Arşiv
Düşünmek Lazım
Geçen ay seyirci açısından felsefedaş iki film izledim. Bakınca birbiriyle alakası pek yok gözüküyor lakin bir açıdan benzeşiyorlar. İkisinin de seyirciden belli talepleri var. Ama bu talepler seyir sırasında oluşmuyor. Filmleri çıplak gözle izlediğinizde manasız, saçma sapan imge toplulukları görüyorsunuz. Filmin marifeti ise salon çıkışından epey sonra başlıyor. Ne zaman sakin kafayla beyninizde filmi oynatmaya başlıyorsunuz, o saçma sapan imgeler düzene girmeye başlıyor. İşte filmin verdiği tat, o anda damağınıza düşüyor.
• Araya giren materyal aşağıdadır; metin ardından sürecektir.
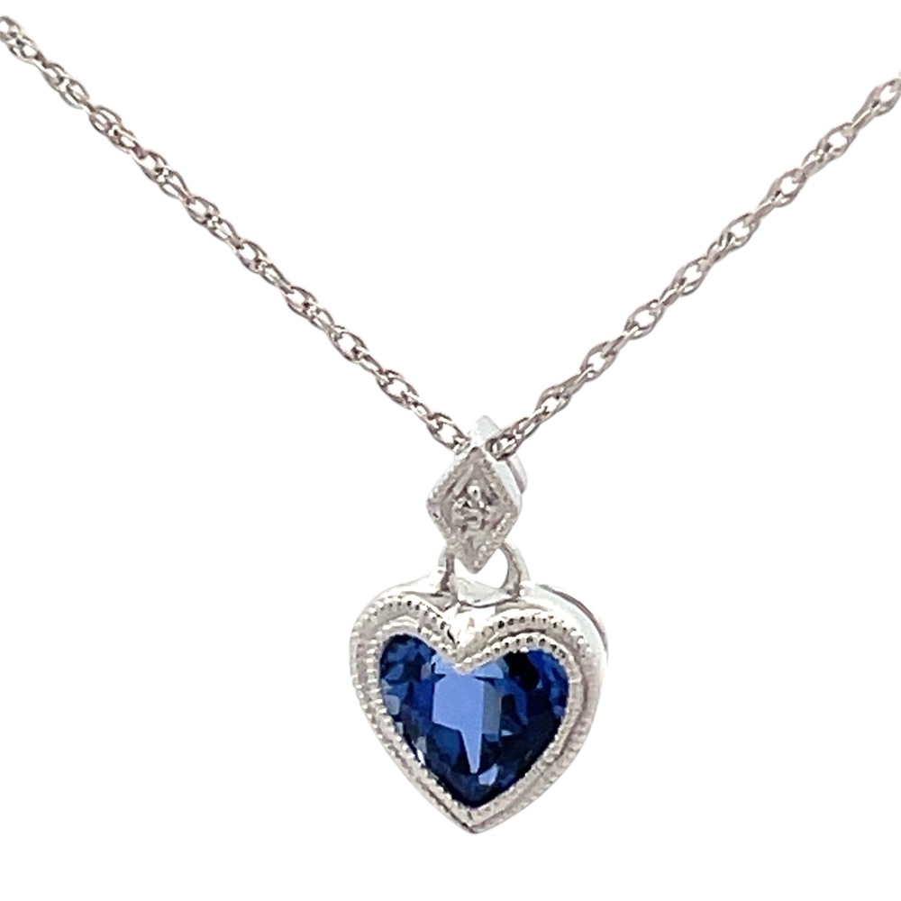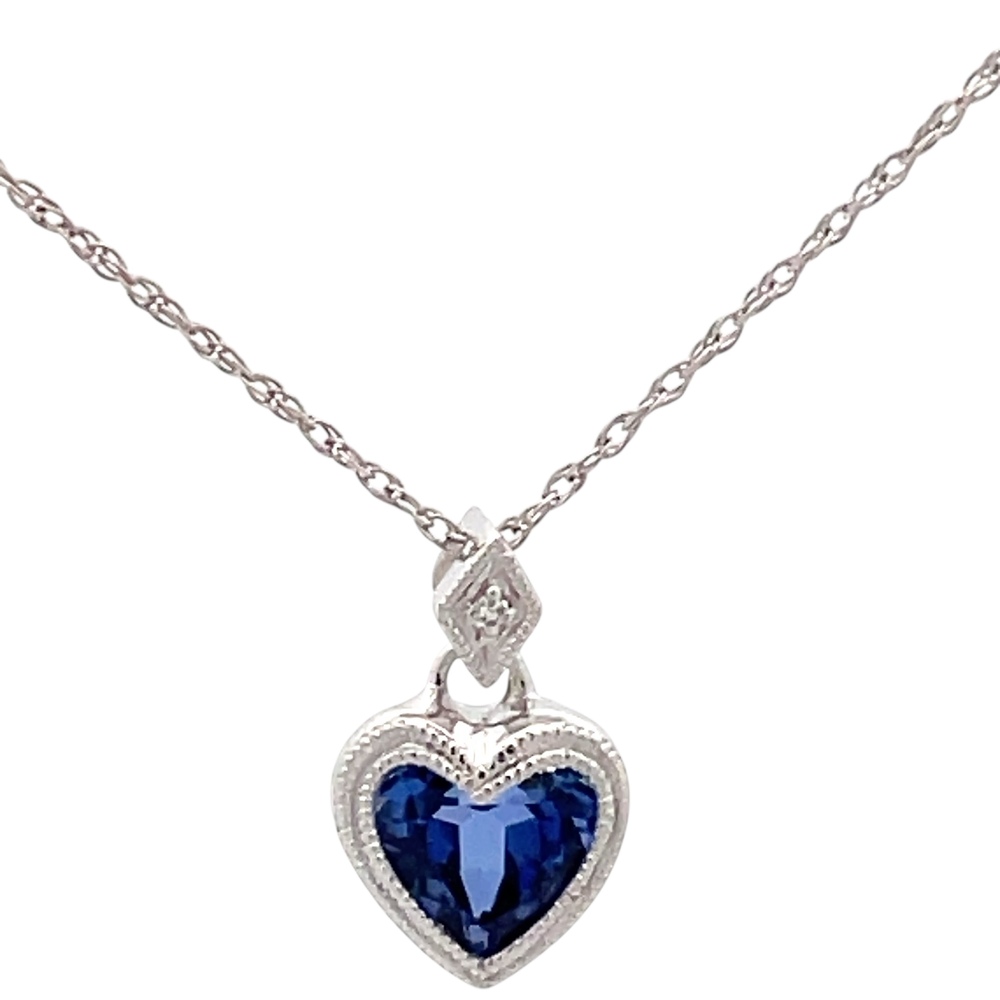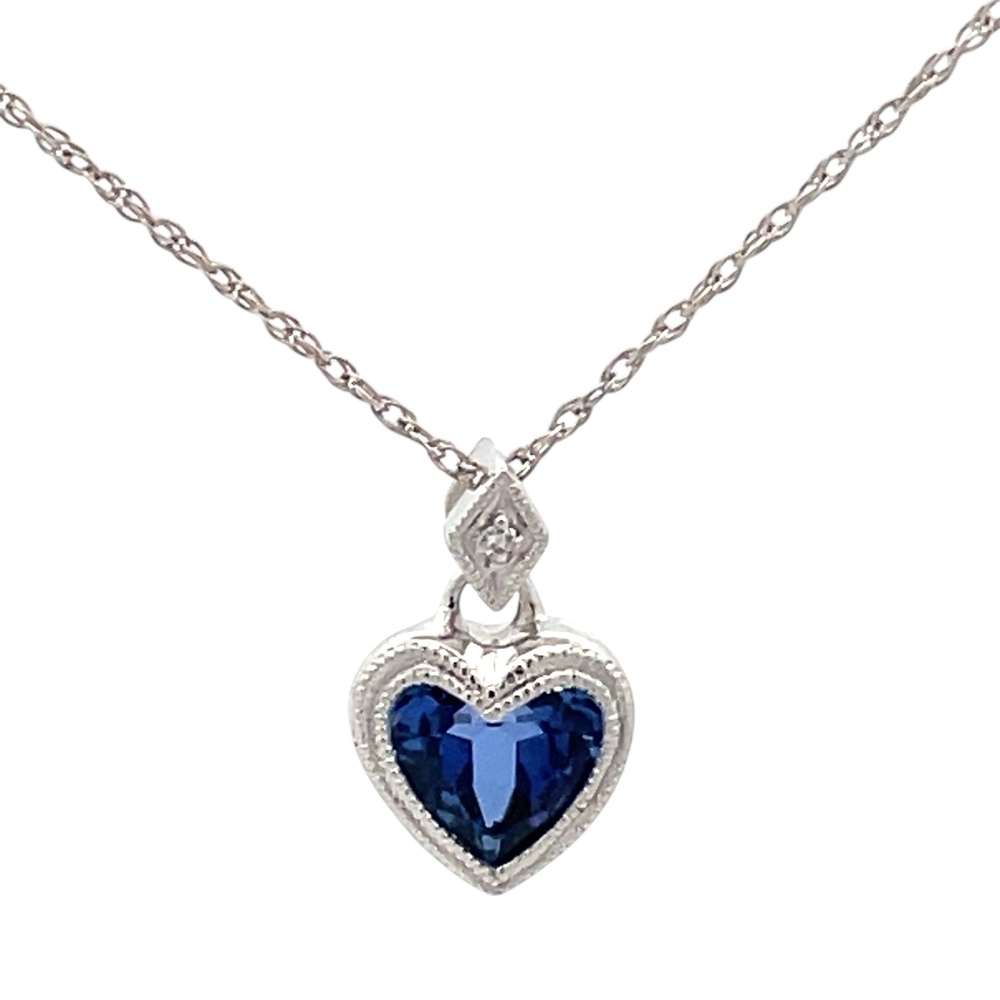 10K White Gold Blue Heart-Shape Gemstone Necklace 18 in.
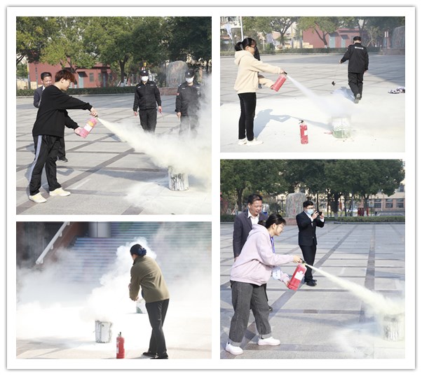 王启海科长详细介绍了灭火器的使用原理和注意事项,亲自演练了灭火器的使用方法。在场的学生和管理员代表都进行了消防灭火演练。
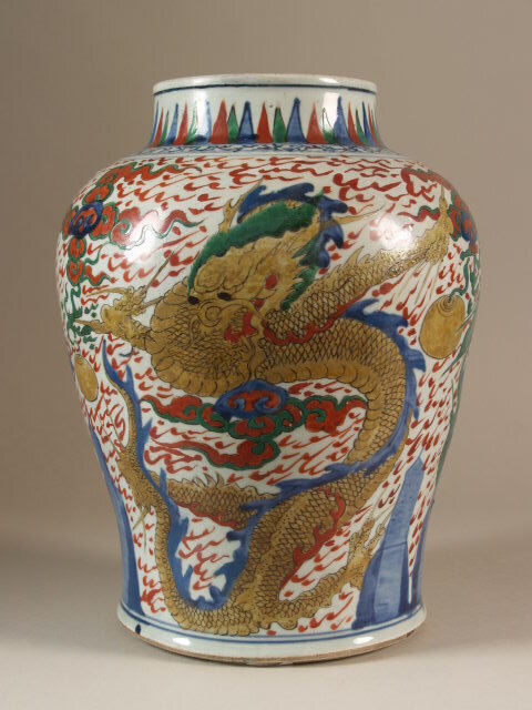 | Nederlands | Pot met decor van draken en vlammende parels |
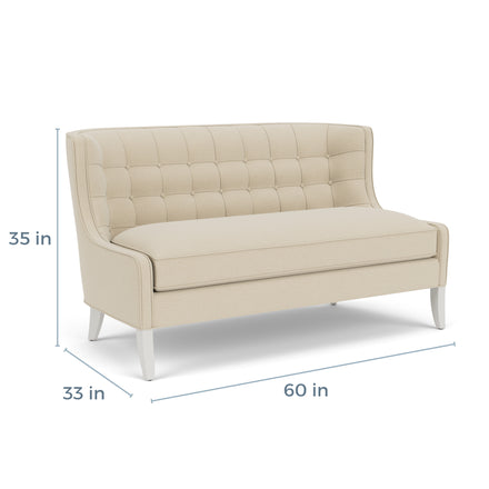 The Cotswold Settee presents a harmonious blend of classical style and modern comfort, all handcrafted with pride in North Carolina. It features a hand-tufted back that exudes elegance and provides excellent support, while the single bench seat cushion offers an uninterrupted canvas of comfort. This settee is a testament to traditional craftsmanship, designed to be a timeless addition to any space seeking a touch of sophistication and charm.
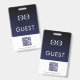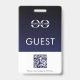 Mantenha seus convidados facilmente identificáveis e seguros com este crachá de convidado personalizado. O crachá apresenta um design elegante em azul-marinho e branco com a palavra "Convidado" exibida de forma proeminente em uma fonte simples. Adicione seu próprio logotipo para um toque personalizado e inclua um código QR para fácil acesso a informações adicionais ou uma visita virtual. O texto "Por favor, use o crachá o tempo todo" garante que seus convidados sejam sempre facilmente reconhecíveis e ajuda a manter a segurança em toda a sua instalação.
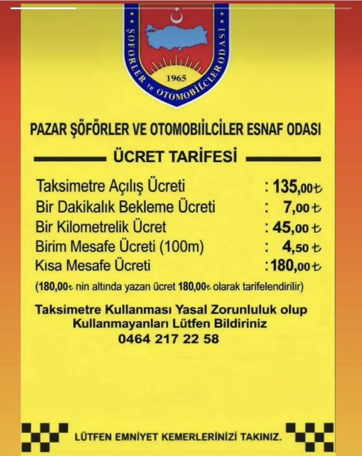 Rize’nin Pazar ilçesinde taksi ücret tarifesi güncellendi. Pazar Şoförler ve Otomobilciler Esnaf Odası tarafından açıklanan yeni tarifeye göre taksimetre ücretlerinde artışa gidildi.
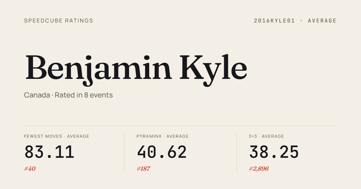 Oct 11, 20253x3x3 Fewest Moves · FinalPleaseBeQuietWaterloo2025 · 3rd25.33Aug 23, 20253x3x3 Fewest Moves · Round 1SlovenianFMCNationals2025 · national · 10th22Aug 23, 20253x3x3 Fewest Moves · FinalSlovenianFMCNationals2025 · national · 1st22.00Aug 9, 20253x3x3 Fewest Moves · FinalFMCaMontreal2025 · 3rd22.67Aug 9, 20253x3x3 Fewest Moves · Round 1FMCaMontreal2025 · 6th22Jul 29, 20253x3x3 Fewest Moves · FinalPSQuebec2025 · 8th24Jul 29, 2025Pyraminx · Combined FinalPSQuebec2025 · 17th1.97Jul 27, 20252x2x2 Cube · Round 2ChampionnatCanadien2025 · national · 20th3.59Jul 27, 20252x2x2 Cube · Round 1ChampionnatCanadien2025 · national · 15th3.20Jul 27, 20253x3x3 Cube · Semi-FinalChampionnatCanadien2025 · national · 24th8.76Jul 27, 20253x3x3 Cube · Round 1ChampionnatCanadien2025 · national · 28th9.36Jul 27, 20253x3x3 Cube · Round 2ChampionnatCanadien2025 · national · 24th9.19Jul 27, 20253x3x3 Blindfolded · Round 2ChampionnatCanadien2025 · national · 24th2:25.14Jul 27, 20253x3x3 Blindfolded · Round 1ChampionnatCanadien2025 · national · 37th4:36.01Jul 27, 20253x3x3 One-Handed · Round 2ChampionnatCanadien2025 · national · 27th17.11Jul 27, 20253x3x3 One-Handed · Round 1ChampionnatCanadien2025 · national · 41st20.72Jul 27, 2025Pyraminx · Round 2ChampionnatCanadien2025 · national · 4th2.39Jul 27, 2025Pyraminx · Round 1ChampionnatCanadien2025 · national · 2nd2.77Jul 27, 2025Pyraminx · FinalChampionnatCanadien2025 · national · 5th2.79Apr 26, 20253x3x3 Fewest Moves · FinalFMCCanada2025 · national · 33rd25
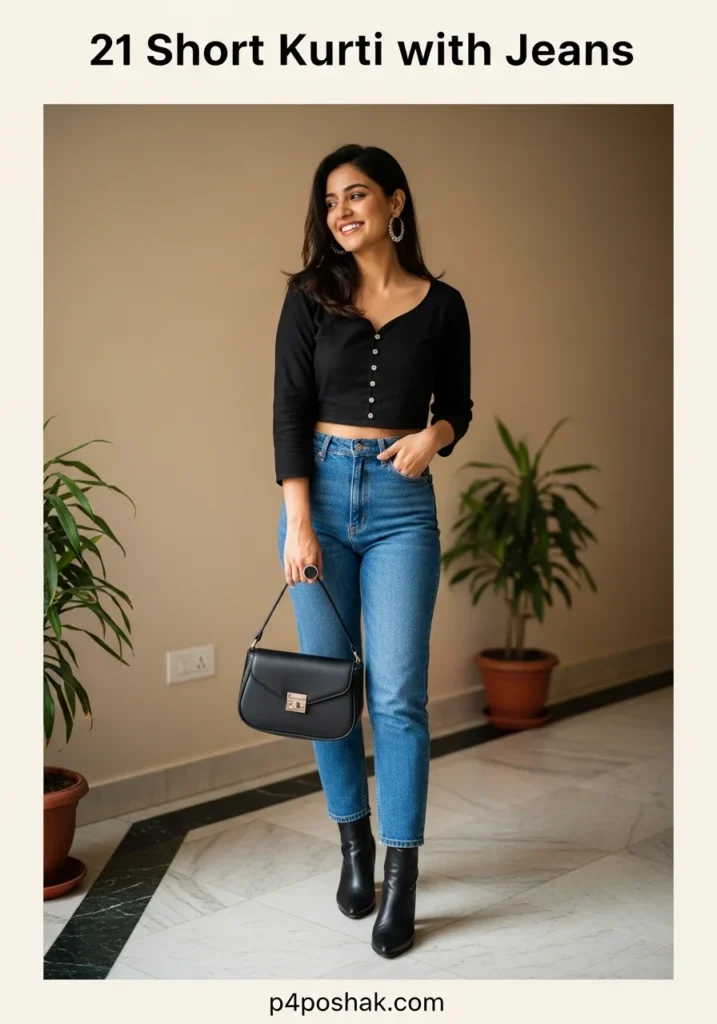 A black cropped kurti paired with high-waisted blue jeans accentuates the waistline. Black ankle boots and a matching satchel bag add a touch of edginess, perfect for a night out or casual day events.
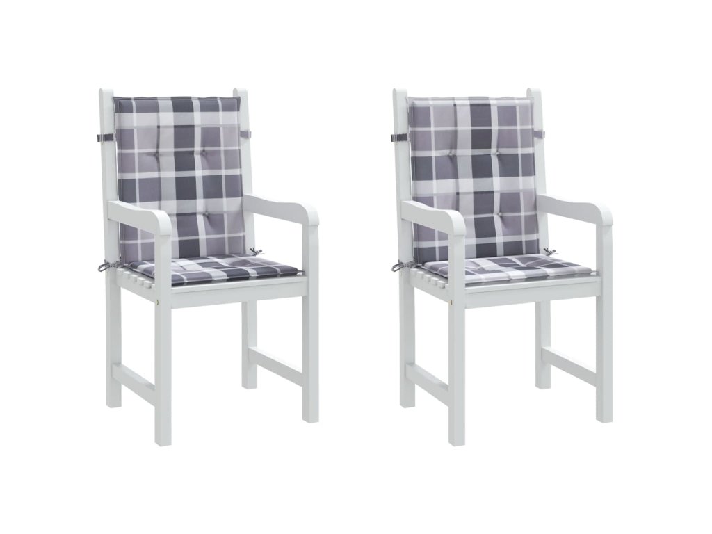Podušky na židli nízké opěradlo 2 ks šedé kárované 100x50x3 cm 314155
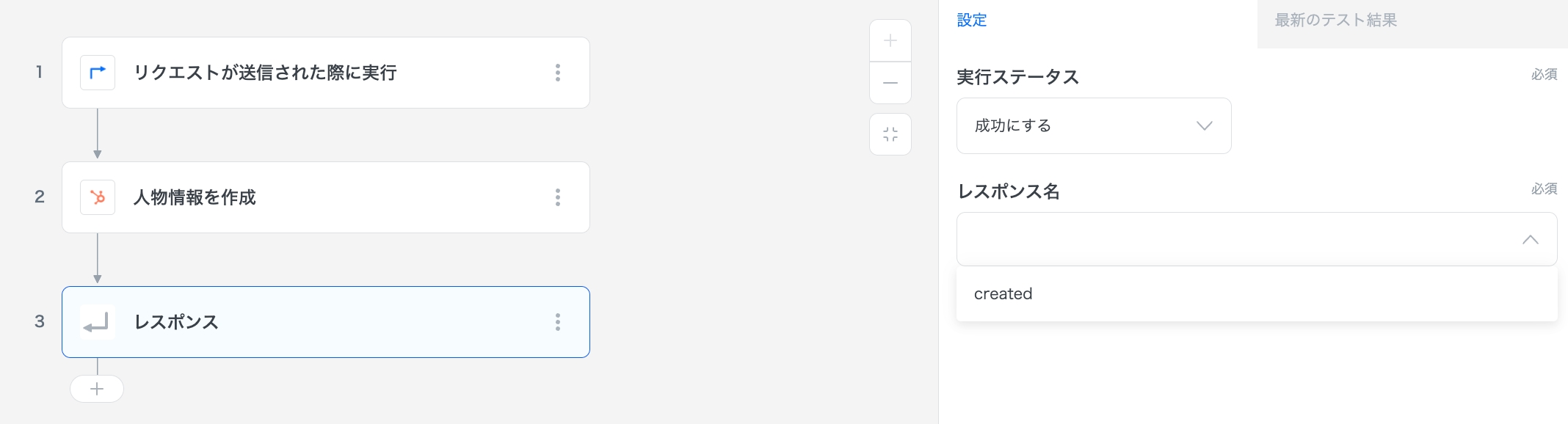 Responseステップの設定にて、レスポンス名から先ほど作成した「created」を選択します。
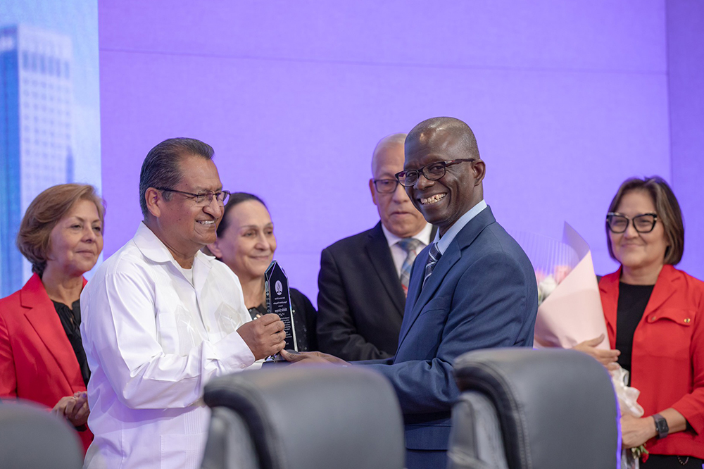 IAD Executive Secretary Pastor Pierre Caporal (right) presents a Legacy of Service Award to Pastor Melchor Ferreyra (left), former Personal Ministries director of the IAD, during the recognition ceremony on Nov. 13, 2025, honoring longtime leaders for their faithful ministry across Inter-America. [Photo: Keila Trejo/IAD]
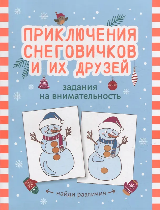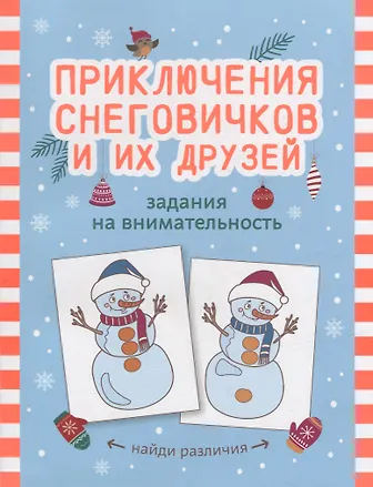 Весёлые снеговички и их друзья готовятся к Новому году. Столько всего надо успеть: позвать гостей, приготовить вкусные кушанья, принести ёлку из леса и нарядить её, упаковать подарки, а ещё покататься с ледовой горки на санках и ватрушках. Недобрая колдунья хочет помешать празднику и всё время пытается запутать снеговичков. Чтобы помочь им, внимательно смотри на рисунки, ищи спрятанные предметы, лишние картинки и находи различия между изображениями. Где-то будет 5 различий, где-то 7, а где-то целых 10! Справишься?
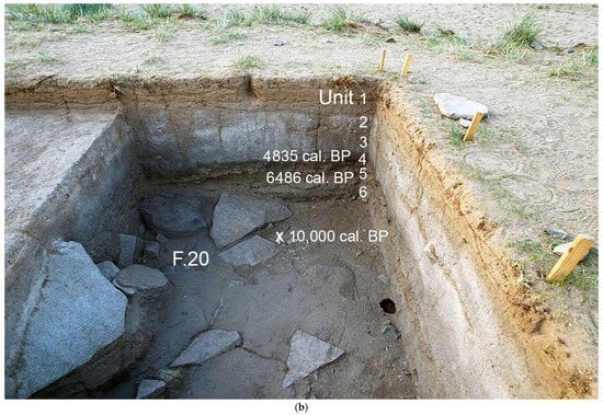 - Zhao, C.; Janz, L.; Bukhchuluun, D.; Odsuren, D. Neolithic pathways in East Asia: Early sedentism on the Mongolian Plateau. Antiquity 2021, 95, 45–64. [Google Scholar] [CrossRef]
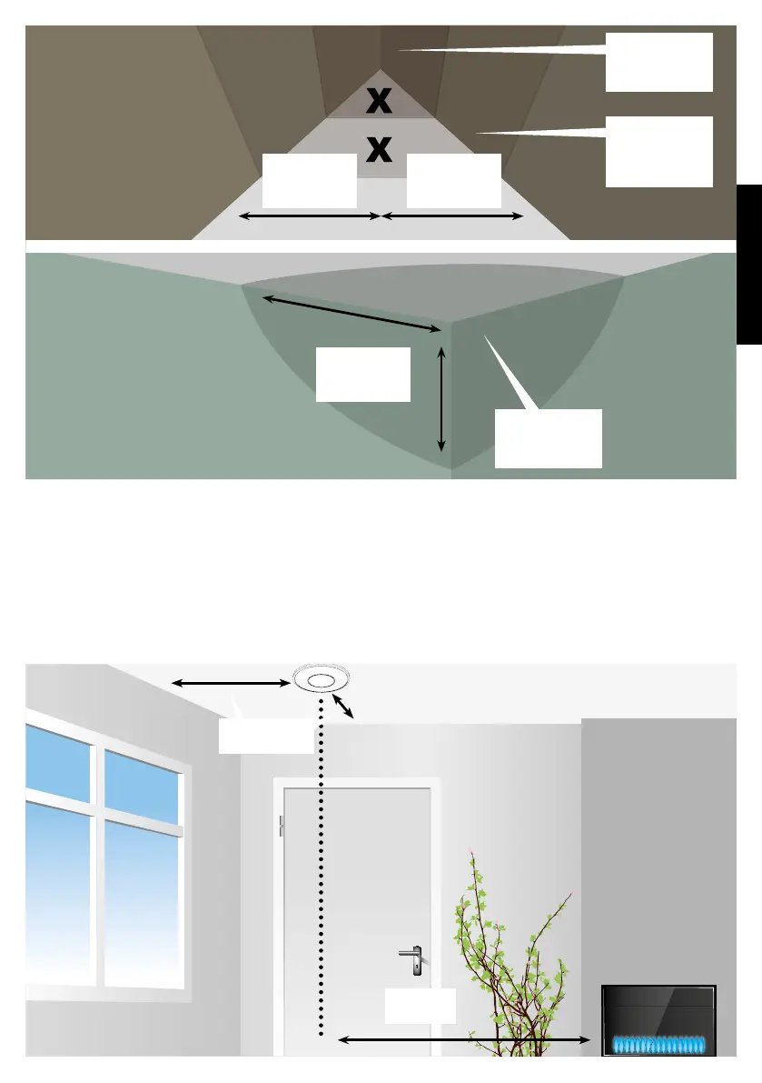 • Installez le détecteur à 61 centimètres des murs et des plafonds environnants. Il est re-
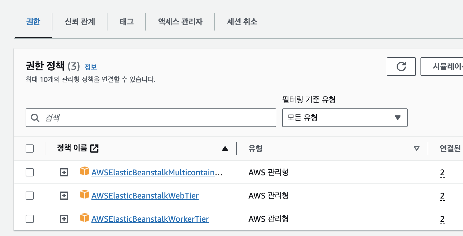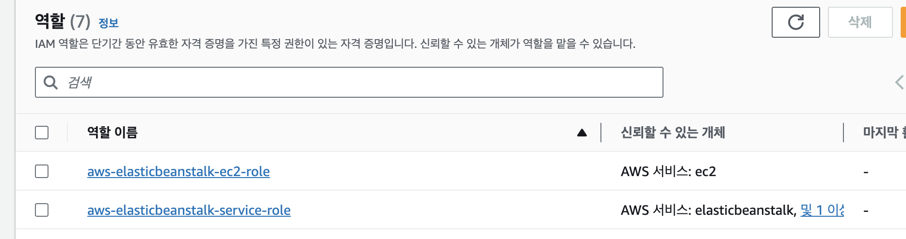 IAM 콘솔에서 위의 두 개 역할을 각각 ec2, elastic beanstalk에 대해서 생성을 하고 콘솔에서 설정시에 지정을 해주어야 한다.

İlk filmimiz Synecdoche, New York, Charlie Kaufman’ın ilk yönetmenlik denemesi. Kaufman’ı bilhassa alternatif popüler sinemaseverler sever. Hem belli tür kalıplarına göre filmini yazar hem de bu kalıplara absürt fikirler akıtır. Gerek Eternal Sunshine of the Spotless Mind gerekse Being John Malkovich’in entelektüel filmler ilan edilmesinin sebebi de bunda saklıdır. İlk izlediğinizde alakasız gelen hareketler, sonradan beyninizde bambaşka duygulara dönüşür. Synecdoche’da ise bu olayı bambaşka bir boyuta taşımış Kaufman.